Memory bandwidth benchmarking?

Scipionix

Golden Member
May 30, 2002
1,408
0
0
I've been running Sandra on my Asus P4T533-C/P1.8A/PC1066 system and the memory benchmarks show bandwidth of 3.4GB/s, or about 80% of the 4.2GB/s theoretical maximum. Is this typical for the real world or is something wrong with my stuff? Oh, and does anyone have any ideas on how to cool my MCH? I think it could use a fan.
 

zephyrprime

Diamond Member
Feb 18, 2001
7,512
2
81
You can try this memory benchmark program that I've been working on. I got it off the web and modified it to suit my needs. You can download it here. I'd be interested in hearing your results.

link
 

Scipionix

Golden Member
May 30, 2002
1,408
0
0
Whatever this means to you . . .

SGI ex1: 40.723612ms = 804.643763mb/sec
SGI ex2: 25.738467ms = 1273.113908mb/sec
SGI ex3: 25.547102ms = 1282.650394mb/sec
SGI ex4: 31.662963ms = 1034.899995mb/sec

memcpy 40.538392ms = 808.320163mb/sec
memfill 12.268040ms = 2671.005387mb/sec
memfill 11.974427ms = 2736.498392mb/sec
memfill 11.986719ms = 2733.692184mb/sec
memfill 12.005436ms = 2729.430134mb/sec

memset 37.522087ms = 873.298965mb/sec


Zhi's memfill with rep movs 36.740703ms = 891.871882mb/sec
Zhi's memcpy with sse: 25.520003ms = 1284.012376mb/sec
AMD's memcpy with REP MOVSB: 38.189770ms = 858.030830mb/sec
AMD's memcpy with REP MOVSD: 38.267992ms = 856.276960mb/sec
AMD's memcpy with mmx & block prefetch: 24.035736ms = 1363.303353mb/sec
AMD's memcpy with sse & block prefetch: 24.155584ms = 1356.539340mb/sec
 

zzzz

Diamond Member
Sep 1, 2000
5,498
1
76
3.4 sounds about right for PC1066. I had a th7-2 which gave about the same when run at PC1066 speeds.
 

zephyrprime

Diamond Member
Feb 18, 2001
7,512
2
81
Hmmm, those results are real interesting. I used an algorithm provided by AMD but it seems like it works poorly with Intel processors. But an algorithm made by SGI for P3's is also used by this program and it stinks too. I wonder what algorithm Sandra uses? Maybe it's a nontemporal qword mov. Hmmm....

Regarding your question about real world programs, it's quite scary but real world programs usually don't give a rat's ass about memory performance. These two lines:

memcpy 40.538392ms = 808.320163mb/sec
memfill 12.268040ms = 2671.005387mb/sec

describe the performance of the Visual C++ 6.0 standard c library routines for memory copying and memory filling. As you can see, they stink.
 

Scipionix

Golden Member
May 30, 2002
1,408
0
0
I know as close to nothing as possible about programming, so what exactly is the problem? Are compilers not keeping up with hardware advances?
 

zephyrprime

Diamond Member
Feb 18, 2001
7,512
2
81
Are compilers not keeping up with hardware advances?
Sorta. It's more like compiler makers are slackers or are poor.

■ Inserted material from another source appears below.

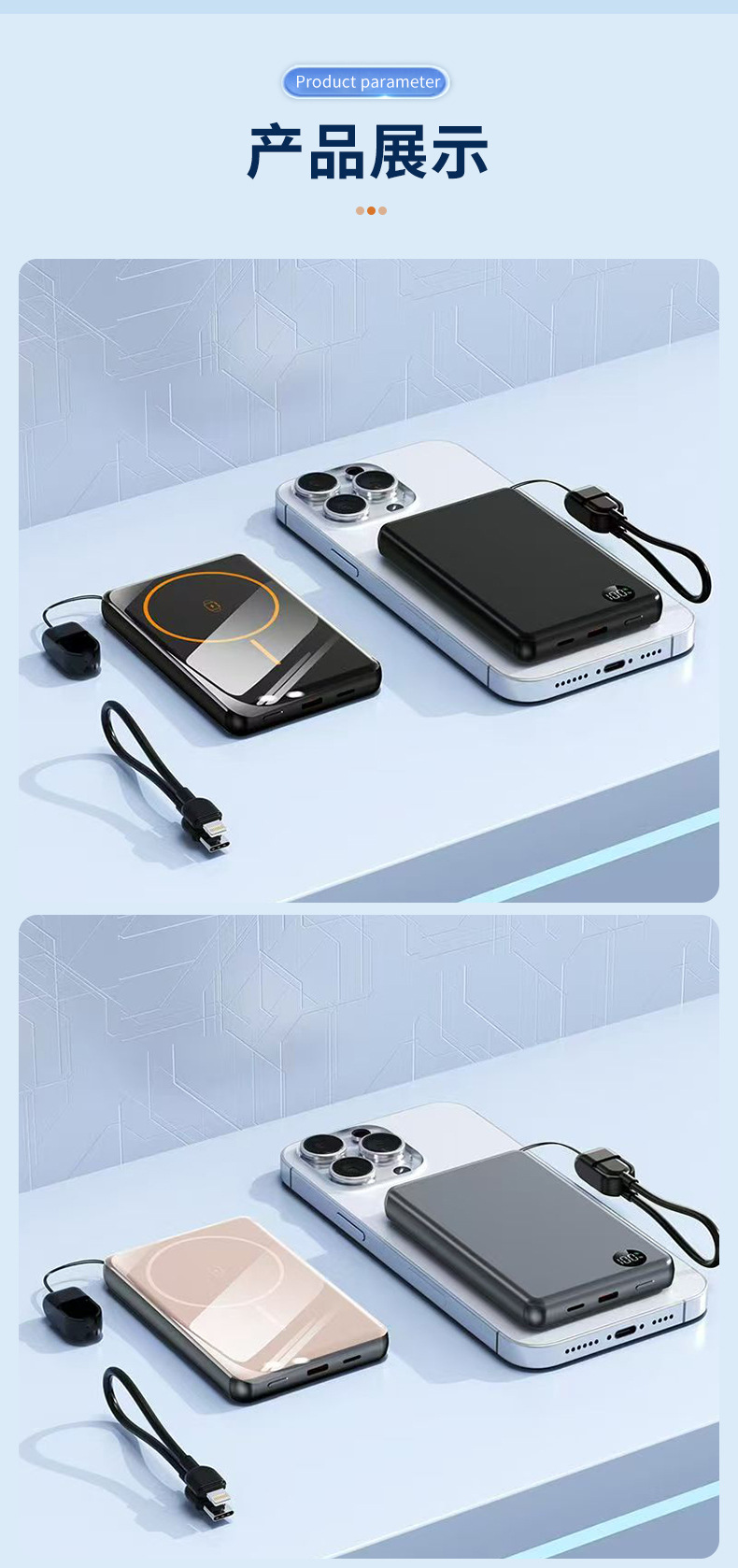 | Capacidad de alimentación | 5000mA Carga rápida (22.5W + Carga inalámbrica 15W), 5000mA Carga rápida (22.5W + Carga inalámbrica 15W + Reloj de carga), 10000mA Carga rápida (22.5W + Carga inalámbrica 15W), 10000mA Carga rápida (22.5W + Carga inalámbrica 15W + Reloj de carga |

Microsoft is a slacker. The PII was out for like 2 years before they released a patch for Visual C++ that let it use SSE. On the other hand, the folks that make GCC are poor since they don't have any budget at all! Borland C++ is more concerned with preserving market share and fighting Microsoft than worrying about performance.

The situation is so bad that Intel has had to resort to releasing their own C++ compiler. But not many people use this. For me, it has some compatibility problems too.

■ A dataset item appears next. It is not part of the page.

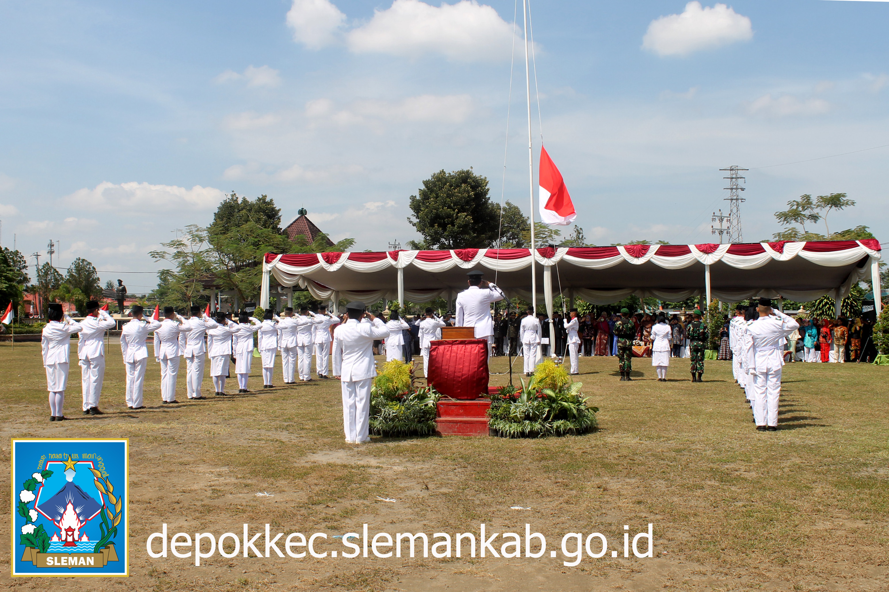 Kapolsek Depok Barat Kompol Sukirin yang mendapatkan kesempatan menjadi inspektur upacara menerima bendera merah putih usai diturunkan Paskibra dalam Upacara penurunan bendera/aubade. Pelaksanaan upacara penurunan bendera dimulai sekitar pukul 16.30 dengan diawali aubade, yakni menyanyikan lagu-lagu wajib nasional. Pelaksanaan upacara bertempat di Lapangan Monumen Pancasila Sakti Kompleks Asrama Yonif/403 Wirasada Pratista Kentungan Condongcatur.

However, compiler makers are only responding to their customers - i.e. software companies. Software companies rely more on hardware advances than on low level efficiency to achieve adequate performance. There's never enough time to dick around with assembler code for the sake of good performance.

Personally, I think software companies shouldn't bother with low level performance unless they really need to. Few programmers know how and the code that is produced is too arcane which makes it difficult to manage. However, compiler makers should be held to a higher standard since their code is depended upon by so many other products. Visual C++'s memfill code is a joke. It's just a while loop that copies stuff one byte at a time. What awesome 8-bit technology.

Also, I think most performance problems are more a matter of poor design and poor algorithm selection/invention than a lack of low level optimizations.